A poem inspired by a theological presentation at AAR:
Babel's babbling and confusion
comes home to roost in
the many gurgling tongues of the
theologians,
chattering self-importantly,
most sincerely,
with an idolatrous cleverness.
Serious and sober,
yea "evangelical,"
conservative
but really just a DJ--
riffing and mixing,
generating a cacaphony of theologemes
that dance and dangle
between piled names.
A show of erudition,
gesticulating about 'communicative action'
and saying...what?
Nothing.
For which I give thanks.
For never has the vocation--
or is it just my desire?--
of the poet felt more clear.
For I am befuddled by this Babel,
foreign tongues of barbarians.
From its rambling , "rigorous" confusion
I want only to fall into the
clarity of Franz Wright,
the lucidity of Anne Sexton,
the bumpkin simplicity of young Donald Hall.

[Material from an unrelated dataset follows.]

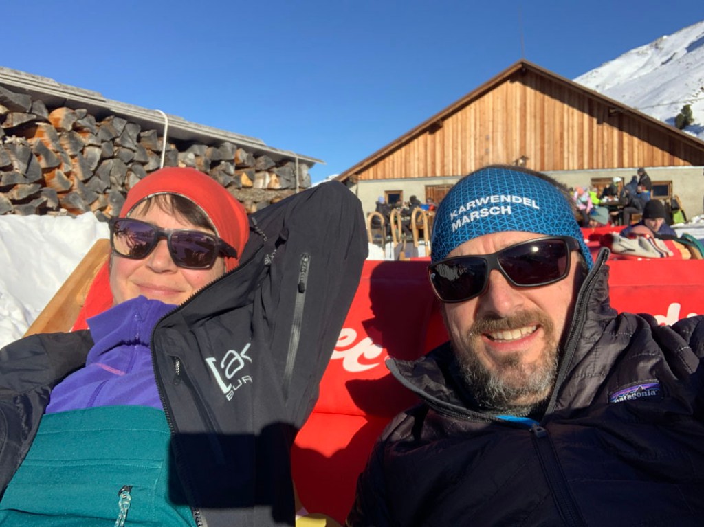 Wir setzen uns in die „Lizumer Liegestühle“ und stoßen auf eine tolle Saison an. Die Sonne lacht vom Himmel, nur eine kleine, lästige Wolke verdeckt immer wieder die Sonne.

Compared with the muffled but incessant
utterances of the theologian,
poetry rings with the clarity of
crunchy leaves in the quiet of a
frost-covered autumn morning.
God, of course, is no theologian.
He is a poet hidden and violated,
muzzled by the theologians.
As long as there are theologians,
God's existence will remain in question.
How long, O Lord?
When O When will you silence the theologians--
Silence my theologizing--
And sing to us, your poiema,
in the poems of your strange saints.